A true, no-cost resolution of a conflict, where the interests of all parties are served without compromise, is an exceedingly rare thing. Yet just such an unlikely resolution may be in hand for one of the most acrimonious conflicts of recent times: the debate over human embryonic stem cells.
Research groups in Japan and the United States have shown that ordinary human skin cells can be converted to stem cells with all the important properties of human embryonic stem cells by a process termed direct reprogramming. Like embryonic stem cells, reprogrammed cells are pluripotent, able to generate all the cells of the body, and so they have been named induced pluripotent stem cells (IPSCs). Unlike human embryonic stem cells, however, IPSCs are genetically identical to patients and are generated without destroying human embryos or using either human or animal eggs.
Producing IPSCs is remarkably simple. First, adult skin cells are removed by a biopsy procedure similar to a blood draw. The skin cells are treated in the laboratory with gene-therapy viruses that contain four reprogramming factors. Over approximately two weeks, the reprogramming factors convert some of the adult skin cells into IPSCs. No embryos are produced and no embryos are destroyed; the skin cells simply transform into cells that are the functional equivalents of human embryonic stem cells.
Direct reprogramming is one of the most exciting scientific discoveries of modern times, and it significantly alters both the political and the scientific landscape of stem cell research. The availability of an ethically and scientifically uncompromised source of pluripotent stem cells should be warmly embraced by all parties as a truly win-win resolution to the long-standing controversy over embryo-destructive research.
Or so one would think.

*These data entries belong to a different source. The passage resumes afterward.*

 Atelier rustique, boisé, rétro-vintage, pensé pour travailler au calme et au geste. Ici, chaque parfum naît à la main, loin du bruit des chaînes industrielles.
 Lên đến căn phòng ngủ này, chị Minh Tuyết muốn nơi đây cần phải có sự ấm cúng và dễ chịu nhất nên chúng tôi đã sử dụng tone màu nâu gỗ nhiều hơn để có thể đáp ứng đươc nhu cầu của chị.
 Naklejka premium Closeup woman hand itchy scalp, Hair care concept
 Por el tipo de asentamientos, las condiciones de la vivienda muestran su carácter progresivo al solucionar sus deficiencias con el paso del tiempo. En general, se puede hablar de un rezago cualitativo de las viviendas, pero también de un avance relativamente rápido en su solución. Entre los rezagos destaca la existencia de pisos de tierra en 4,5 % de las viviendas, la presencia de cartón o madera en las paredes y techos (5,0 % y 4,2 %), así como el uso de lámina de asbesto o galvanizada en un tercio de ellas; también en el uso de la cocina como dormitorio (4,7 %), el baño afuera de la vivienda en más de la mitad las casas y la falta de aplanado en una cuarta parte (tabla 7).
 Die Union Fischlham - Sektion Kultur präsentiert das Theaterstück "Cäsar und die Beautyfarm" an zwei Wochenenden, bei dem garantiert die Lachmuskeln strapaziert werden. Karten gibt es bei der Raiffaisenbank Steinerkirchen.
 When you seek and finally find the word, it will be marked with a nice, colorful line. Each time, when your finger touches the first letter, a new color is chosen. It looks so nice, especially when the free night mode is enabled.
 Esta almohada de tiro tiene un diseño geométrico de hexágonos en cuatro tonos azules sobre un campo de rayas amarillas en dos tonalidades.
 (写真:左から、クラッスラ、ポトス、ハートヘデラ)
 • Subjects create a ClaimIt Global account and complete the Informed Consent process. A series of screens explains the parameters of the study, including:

Despite the initial euphoria with which both scientists and ethicists greeted these remarkable findings, the stalwarts of unrestricted stem cell research almost immediately began the solemn chant of research must go forward on all fronts. The International Society for Stem Cell Research, one of the largest professional associations of stem cell biologists, issued a press release the day the studies appeared cautioning that these findings do not obviate the need for research using human embryonic stem cells; rather the different avenues of human stem cell research should be pursued side by side. This sentiment was echoed even more strongly a week later by the editors of Nature magazine, who stated this is exactly the wrong time to constrain research on human embryonic stem cells.
It is important to ask whether the interests of science and of society are indeed served by allowing research to move forward using all sources of pluripotent stem cells: from human embryos, from direct reprogramming, and from (as yet theoretical) human cloning. Studies of pluripotent human stem cells will undoubtedly advance our understanding of human biology. Patients may someday benefit from new therapies based on stem cell research. These are noble purposes. Yet do we really need to continue research on pluripotent stem cells derived from human embryos when we can obtain cells with the same properties in an ethically uncompromised way? Do we need to pursue human cloning as a means of generating patient-specific stem cells when we can produce them so readily from adult skin?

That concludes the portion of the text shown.